Let us know what happens.

Steve

Anonymous said...

This article regarding Impax 6.0 highlights many deficiences in the product, but also makes obvious the user's lack of training and/or ability.

Many users of IT software continue with a particular product because of its familiarity. The direct port of the Image Area from previous version of Impax in Impax 6.0 appears to serve a useful purpose - it drastically reduces a radiologist's learning curve in a version migration. I personally think that the focus of the initial release of Impax 6.0 has been the change in architecture for the benefit of the enterprise, rather than a feature-list change for the benefit of the radiologist.

Granted, many of the issues listed are valid and frustrating. However, complaining of series linking difficulties because the images switch size clearly demonstrate that the Lama does not understand Windows Control Panel mouse preferences. Similarly, had the Lama actually had his PACS people show him the Simple Search feature, he might then appreciate the simplicity of searches.

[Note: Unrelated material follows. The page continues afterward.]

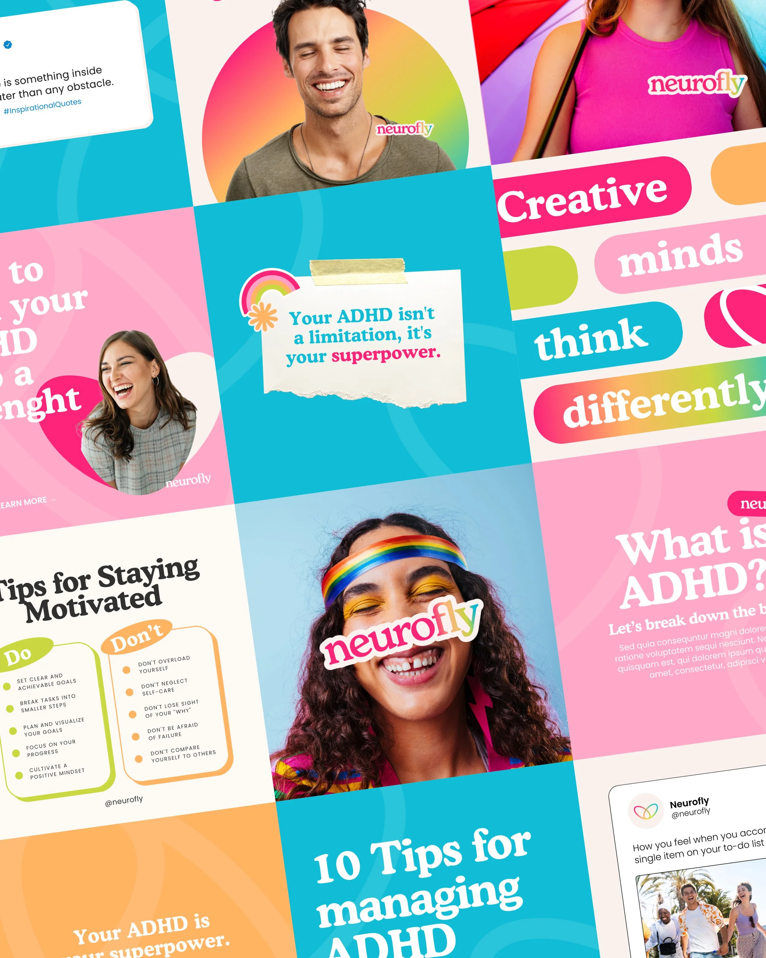 The challenge for this UK-based ADHD community and supplement brand was to create a clear, inclusive, and supportive visual identity for a neurodivergent audience. The goal was to design a system that feels open, positive, and easy to recognise, while reflecting the diversity of neurodivergence. The visual language needed to balance clarity with strong emotional impact, making the brand feel both trustworthy and empowering.
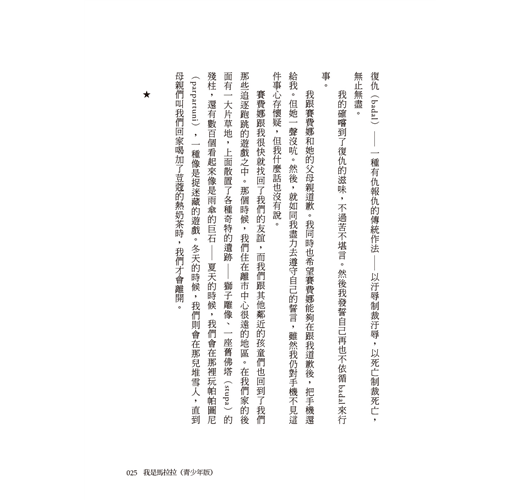 我的父親沒理會這些習俗。我在族譜中看見了自己的名字──用亮藍色的墨水寫的──被寫在那些男性名字之間。我的名字是三百年來第一次被記錄進族譜中的女子名。

Another - understanding the so-called tool toggling - can actually serve a useful purpose if one uses the extended tools attached to the selected tool (such as the variable W/L rate activated through the middle mouse button).

The Lama is not the only one unhappy with various features, as would occur with any software. I think, though, that the Lama has focussed too much on the effect on the radiologist and not enough on the benefit of his clinical referrers.